On 2025-05-23, Thomas Passin <li...@tompassin.net> wrote:

>> Alternatively look at the PATH envronment variable, which 
>> contains a list of directories separated by semicolons and which you can 
>> access as os.environ['PATH'] .
>
> There is really no reason for a config file to be on the system
> path.

On Unix/Linux I would _never_ expect a config file to be in the
PATH. PATH is for executables.  Executables and config files are not
stored together.  That's simply not how it's done on Unix. There is
sort of a traditional set of locations where applications look to find
a config file:

  $HOME/
  $HOME/.config/
  $HOME/.config/<appname>/
  /etc/
  /etc/<appname>/
  /usr/local/etc/
  /usr/local/etc/<appname>/
  <location specified by command line argument>
  <location specified by ENV variable>

The last two overried all of the others.

Config files that reside in $HOME/ usually start with a dot. Often
they end in 'rc'.  Config files in other directories usually don't
start with a dot.

There's usually an <appname> directory only when an app needs multiple
config files. If an app only has one config file, tradition is that
you don't need a directory for it.

Many applications will parse two config files: a global one from /etc
or /usr/local/ and a user-one from somewhere under $HOME.

However, it varies a lot from one application to another...

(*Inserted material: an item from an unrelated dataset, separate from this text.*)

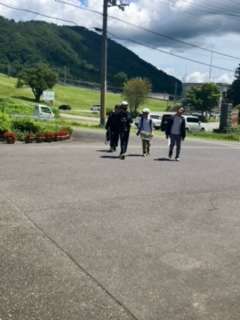 下山後、登った山を眺めながらスイカをいただきました。

> On Windows, if it's not in the program's home directory (or a subdir
> of it), then it's common to be in the user's home directory.  That's
> assuming the program is expected to have possibly different
> configurations for different users.
>
> Otherwise there's a \Users\Public directory (or [...]
>
> The most flexible plan would be to have the program look in all
> those likely places for its config file. For more flexibility - but
> this is unnecessarily complicated for many applications - have the
> program look first on the command line for the config directory,
> then for an environmental variable, then in those likely places.